EKS cluster nodes will be created with public IPs to save the cost of NAT
servers and service endpoints. It might be switched to private IPs with
`cluster_in_private_subnet` variable.

The demo avoids Kubernetes Provider as it leads to many problems when the
cluster is not available or about to replace or destroy. `local-exec` is used
instead as an experiment if it is possible to communicate with Kubernetes
without a provider. Unfortunately, it is problematic to use additional tools in
Terraform Cloud runs so a current solution is suboptimal: it installs each copy
of an external tool separately for each `null_resource`. It might be changed to
the shared directory with `asdf_dir` variable when it is possible to run
pre-apply commands (ie. Gitlab CI, GitHub Actions, Spacelift, etc.) or Terraform
is run locally.

## Terraform Cloud

The project is ready to use with the Terraform Cloud. In this case, after the
state will is no longer local and might be used by more developers.

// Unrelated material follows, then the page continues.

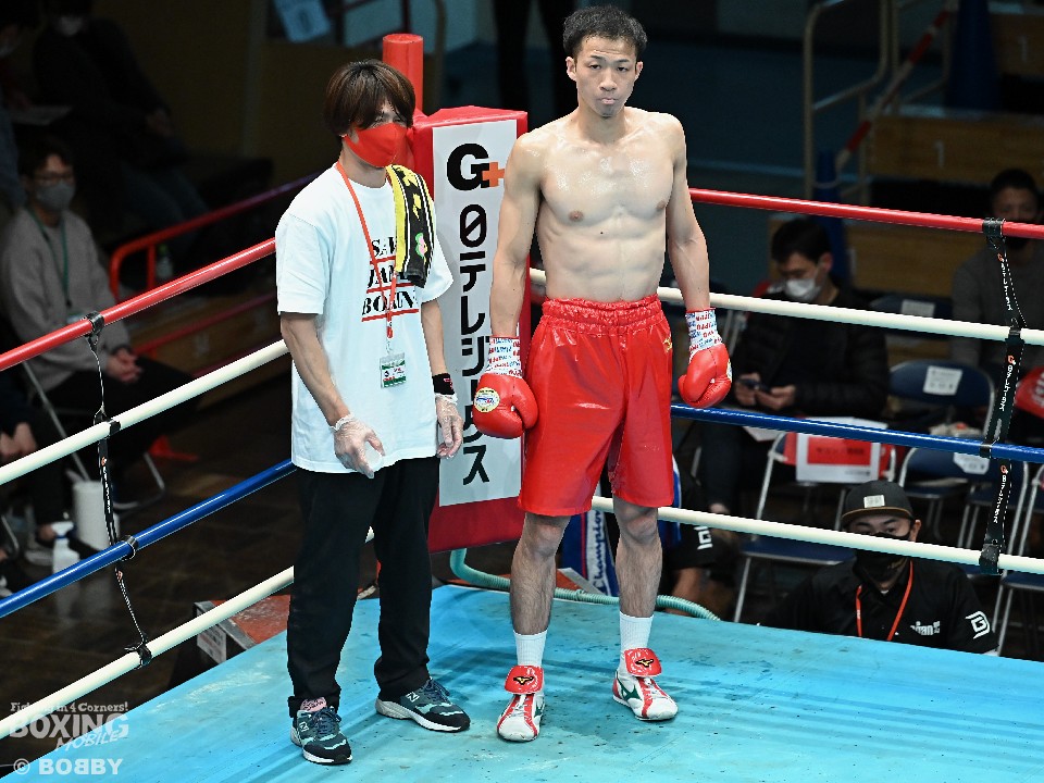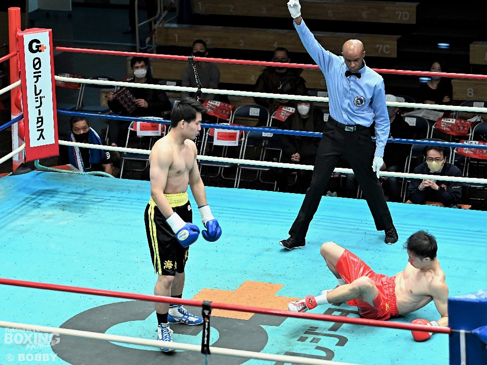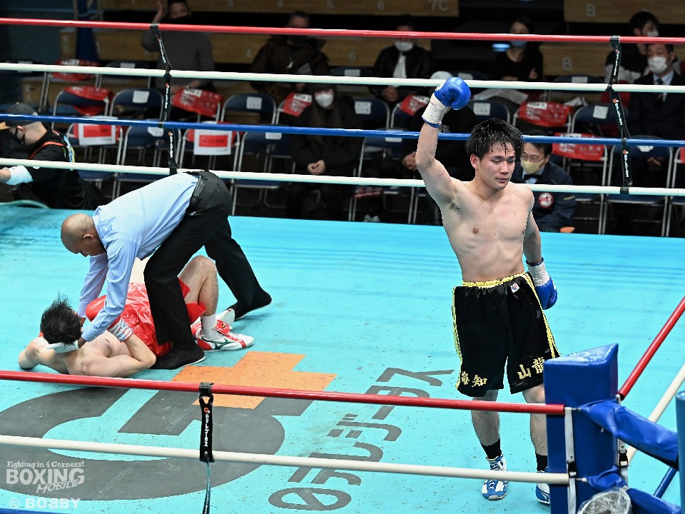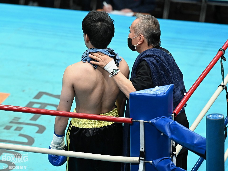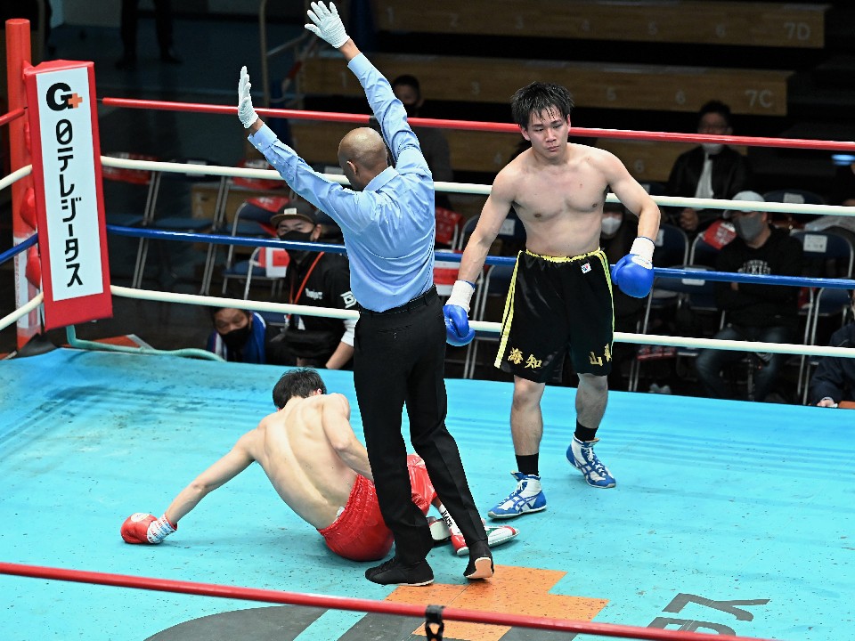 試合:サウスポー齊藤がジャブで距離を探りながら丁寧に試合を組み立てる。対する山﨑は懐に飛び込んで右フックで応戦すると、右フックをねじ込みダウンを奪った。2回以降は、接近戦でパンチを交換したが山﨑のショートパンチが上回った。3回、山﨑は力強い右フックで2度目のダウンを奪うとレフェリーはノーカウントで試合を止めた。

In this case the workspace should have Execution Mode: Remote. All variables from
`terraform.tfvars` file should be added as "Workspace variables" (note: arrays
should be added as HCL).

Variables for AWS API (`AWS_ACCESS_KEY_ID` and `AWS_SECRET_ACCESS_KEY`) might be
added as "Variable sets".

## Spacelift

The project is ready to use with Spacelift.

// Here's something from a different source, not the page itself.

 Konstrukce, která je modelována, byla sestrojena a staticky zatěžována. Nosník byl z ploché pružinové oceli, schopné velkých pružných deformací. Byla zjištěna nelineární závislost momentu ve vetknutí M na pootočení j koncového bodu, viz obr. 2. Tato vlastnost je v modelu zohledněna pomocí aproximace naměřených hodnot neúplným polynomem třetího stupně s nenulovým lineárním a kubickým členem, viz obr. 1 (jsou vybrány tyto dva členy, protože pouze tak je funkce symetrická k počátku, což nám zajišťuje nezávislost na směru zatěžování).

Spacelift can use custom container images, so it is suggested to use such a
container with preinstalled [asdf](https://asdf-vm.com/), ie.
[dex4er/debian-asdf](https://hub.docker.com/r/dex4er/debian-asdf).

In this case use customized workflow and add the commands to pre-Applying and pre-Performing scripts:

```sh
cp .tool-versions /root
while read plugin version; do asdf plugin add $plugin || test $? = 2; done < .tool-versions
asdf install
```

Beside `AWS_ACCESS_KEY_ID`, `AWS_SECRET_ACCESS_KEY` (both not important if you
use cloud integration) and `AWS_REGION` environment variables, you should create
`/mnt/workspace/source/terraform.tfvars` mounted file with the content of your
`terraform.tfvars` file. In this file add `asdf_dir = "/root/.asdf"` Terraform
variable.

### Updates

Currently, the latest tag is used in the podinfo Deployment. It is suggested to
add ImageUpdateAutomation and ImagePolicy for automated upgrades when
OCIRegistry will be replaced with GitRegistry.

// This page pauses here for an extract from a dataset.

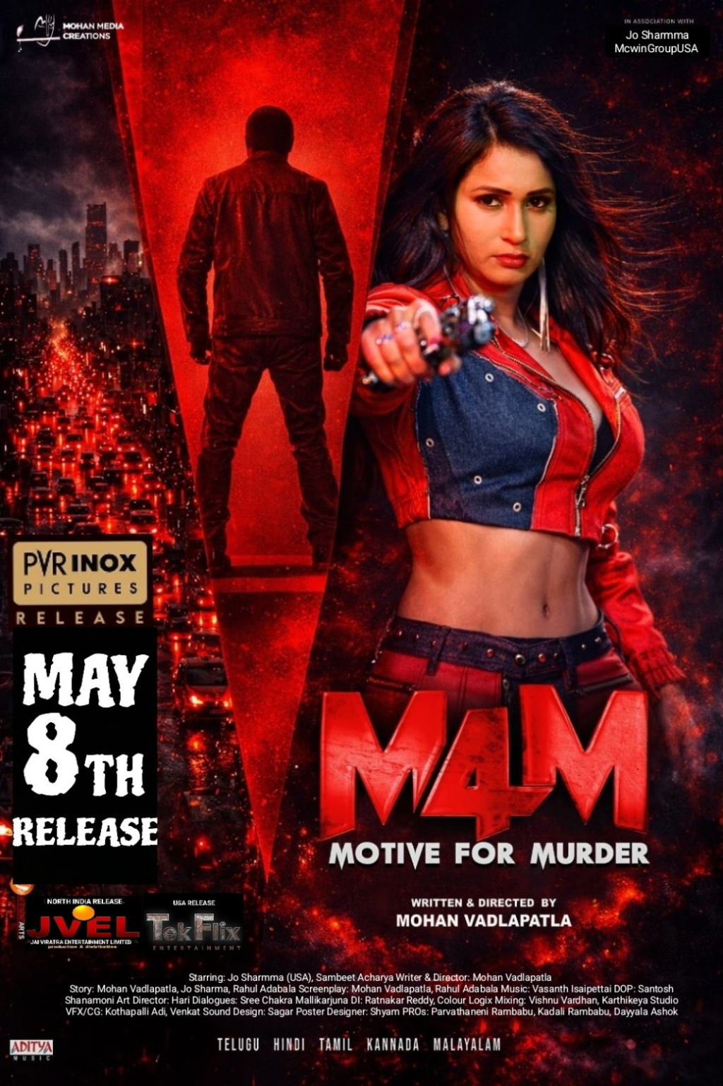 Suspense thriller M4M (Motive for Murder) is gearing up for a grand worldwide theatrical release on May 8th, 2026. Starring popular American actress Jo Sharmma and Sambeet Acharya in the lead roles, the film is directed and produced by Mohan Vadlapatla under the Mohan Media Creations banner in association with McWin Group USA. Powered by PVR Inox Pictures for its India release in five languages — Telugu, Hindi, Tamil, Kannada, and Malayalam — M4M is positioned as a gripping murder mystery thriller with strong pan-India appeal. The USA release will be handled by TekFlix Entertainment, while JVEL Entertainment will oversee the North India release.

Because Flux uses the OCI registry rather than the Git registry, there are no
automated deployments after changes in the Git repository. In that case either
switch to GitRepository as a source for Flux or call `terraform apply` after
each change in a `/flux` directory.

## TODO

- It is better to switch to GitRepository as a source for Flux. For this demo,
it is "push" method rather than "pull" to avoid additional tasks with
connecting the cluster to GitHub.
- The cluster should be moved to private subnetwork (raises the monthly cost by
~$400 for a NAT gateway and service endpoints).
- Nodes should use Bottlerocket OS rather than standard Amazon Linux.
- It should be avoided docker.io as a OCI registry. `k8s-image-swapper` service
might help to automatize the cloning of images to private ECR.
- Additional controllers are needed if PersistentVolumes will be used then
another StorageClass might be used in place of the default.
- AWS Node Termination Handler should be installed for safer handling of spot
instances.
- There is no `metrics-server` so HorizontalPodAutoscaler doesn't work yet.
- The cluster misses Prometheus. External AWS Prometheus instance might be used
for longer-term storage.
- It might be considered using Istio or Cilium for better observability.
- It is a good idea to use Velero backup if some persistent volumes will exist.